Wesentlich sei es für die Stadt, den Sport nun an einem Ort zu bündeln, so Schulz mit Blick auf das Westfalenbad, das Stadion und weitere Sportstätten in unmittelbarer Nachbarschaft der neuen Arena. „Daneben ging es in den Gesprächen mit dem Investor auch immer wieder darum, wie sich eine Halle wirtschaftlich betreiben lässt.“ Die Idee, das Erdgeschoss an eine Supermarkt-Kette zu vermieten, habe sich nicht mit dem Einzelhandelskonzept der Stadt vertragen. Ferner habe man sicherstellen wollen, dass die Halle dauerhaft dem Spitzensport – nicht allein dem Handball – zur Verfügung stehe.

Eine Halle für Basketball und Handball

Daran besteht aber auch für Detlef Spruth, gleichwohl Handballer mit Leib und Seele und letztlich ja auch Funktionär eines Drittligisten mit Profi-Strukturen , kein Zweifel. „Wir brauchen Phoenix als zweiten wichtigen Ankermieter “, macht Spruth deutlich. „Im Grunde sind deren Probleme denen von Eintracht Hagen aber ähnlich. Die Krollmann-Arena bietet nicht die optimalen Voraussetzungen.“

Während die Basketballer bei einer Rückkehr in die erste Liga auf eine Halle mit 5000 Plätzen angewiesen sind, macht den Handballern vor allem zu schaffen, dass die Bereiche hinter den Toren und auch Teile der erst im Zuge der energetischen Hallensanierung errichteten VIP-Tribüne gar nicht zu nutzen sind. Der Grund: Man kann die Tore nicht sehen.

Spitzensport kann auch in Hagen zu einem Event werden

Hinzu kommt: „Spitzensport entwickelt sich immer mehr zu einem Event“, so Spruth. „Die meisten Besucher kommen nicht, um nur eineinhalb Stunden Handball oder Basketball zu sehen.“ Auch da biete eine neue Halle, angefangen bei einem modernen, weiträumigen Eingangsbereich, ganz neue Möglichkeiten.

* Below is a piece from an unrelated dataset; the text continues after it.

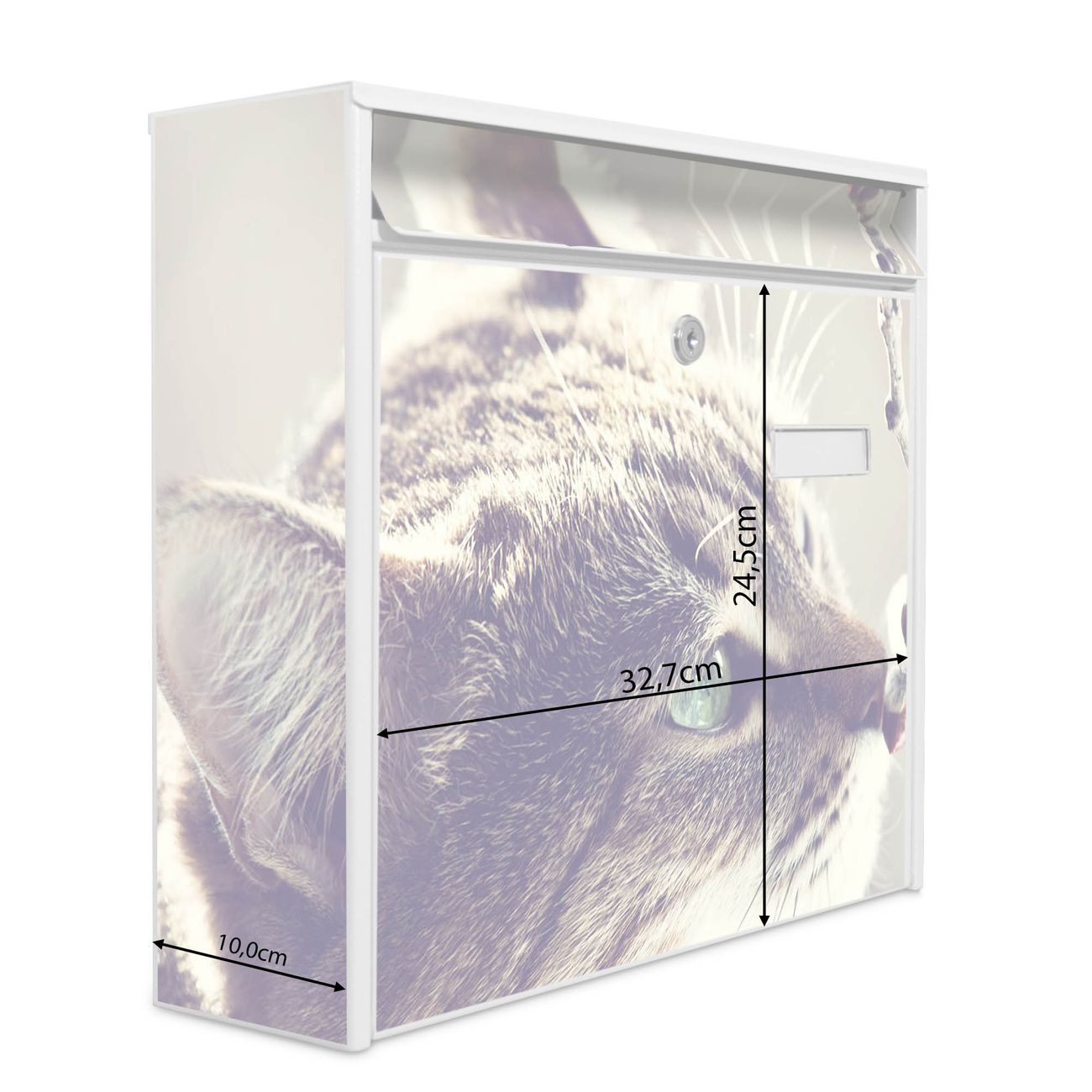 Die Größe des Briefkastens ist 36 x 32 x 10cm (BxHxT) groß. Das Motiv besteht aus einer wetter- und UV-festen Folie, die mit einem Schutzlaminat überzogen ist und Ihren Briefkasten zusätzlich vor Kratzern schützt. Sie erhalten 2 Schlüssel sowie das Montagematerial.

Entstehen soll auch eine Halle in der Halle . Im Untergeschoss des neuen Gebäudes wird eine Trainingshalle eingErikhtet , die völlig unabhängig davon genutzt werden kann, ob in der Arena gerade ein Spiel stattfindet. Hinzu kommt eine Kletterwand, die sich über drei Etagen erstrecken soll.

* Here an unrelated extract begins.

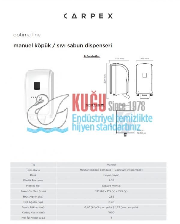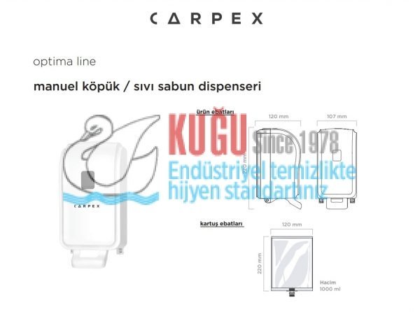 Köpük sabun, sıvı sabun, sıvı antibakteriyel ve jel kartuşlar mevcuttur.

Bei aller Euphorie – Detlef Spruth, der sich bereits seit viereinhalb Jahren mit der Thematik beschäftigt und ursprünglich eine Halle auf dem Westside-Areal hinter dem Bahnhof errichten wollte, sagt auch: „Noch ist nichts in trockenen Tüchern.“ Dennoch: Wenn es keinen politischen Widerspruch gibt, könnten im Optimalfall im Frühjahr 2022 die Arbeiten beginnen.